Experimental system to study genome instability mediated by (CGG)n repeats in cultured mammalian cells

In humans, (CGG)n repeats expanded beyond 200 copies trigger heterochromatin formation - inhibiting the expression of FMR1 and, eventually, surrounding genes. We created a cassette in which the HyTK reporter (encoding an in-frame fusion of the hygromycin phosphotransferase with the herpes simplex virus thymidine kinase) was placed under the control of the FMR1 regulatory region containing its promoter with carrier-size (CGG)n repeats in its 5′-UTR (Fig 1a).
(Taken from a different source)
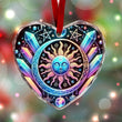 Sun Goddess Pentagram Wicca Christmas Heart-Shaped Crystal Glass Ornament

This design places our reporter in a similar position with respect to the (CGG)n repeats as the coding part of the FMR1 gene. A single-copy of each FMR-CGGn-HyTK cassette containing 0, 53 or 153 (CGG)n repeats was inserted into the RL5 site in murine erythroid leukemia cells via Cre/loxP mediated exchange with a preexisting eGFP cassette 41 (Fig 1b). For all three repeat lengths (0, 53, 153), insertions in the same (A) orientation (transcribing reporter toward centromere) were isolated and compared. For the (CGG)153 repeat, insertions in the opposite (B) orientation of the cassette were also obtained. The RL5 locus was chosen, since it is not prone to spontaneous silencing 44, potentially minimizing the development of false-positive ganciclovir resistant clones resulting from the reporter’s silencing that is not related to the repeat. Our HyTK cell lines maintained a hygromycin resistant and ganciclovir sensitive phenotype for many months of culture. Based on the data from human studies, we expected that expansions beyond 200 copies of the (CGG)n repeat would inactivate the HyTK reporter and result in the accumulation of ganciclovir-resistant clones.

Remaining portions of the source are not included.